The former flying bishop of Ebbsfleet, Andrew Burnham, confirms he was engaged in arrangements with Rome while on the Church of England payroll.
The UK Catholic Herald interview excerpts:
We didn’t have the legal authority to do any of it. But that was what we were in search of becoming. And it fitted in with the Forward in Faith Free Province rhetoric and fitted what we needed to survive in the Church of England. It was a good way to organise people and get them to move forward together.
Of course my dream would have been that when I said: “We’re going to submit to the Holy See.” Everyone would have followed me and done so that the priests, the churches and congregations would do so en bloc, which they haven’t.
It irritated people, but it did give us a real coherence and cohesion….

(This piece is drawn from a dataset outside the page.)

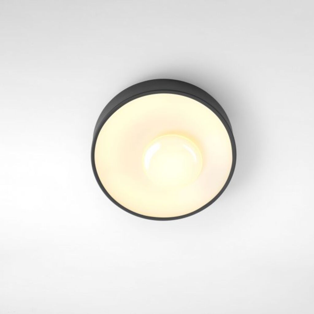 Clara del Portillo and Alex Selma of Valencia-based multidisciplinary studio Yonah were inspired by the day dawning along the horizon with their ceiling fixture Sun. A circular lacquered iron case contains the concave polycarbonate diffuser that surrounds the LED light source. Additionally, a second diffuser in blown opal glass is placed off-center. As each of the materials reflects the light differently, the combined effect is a luminous glow much like the moment before sunrise.

…Except that at the end we couldn’t all move forward together, which is the sadness. Partly it was because some priests are too afraid of doing it. Partly it was because of the issue of buildings. Partly it was because for congregations, provided they’ve got that nice Bishop so-and-so and that nice Father so-and-so the ecclesiology is neither here nor there.
…
I finally realised it was all going to go bad a couple of years ago, and in April 2008 I went to Rome. I’m claustrophobic so I don’t fly and I don’t travel very easily, (one of the ironies of my last job). But I thought, I have to go. It was my 60th birthday so I thought ‘lets go to Rome’ and I went to Rome.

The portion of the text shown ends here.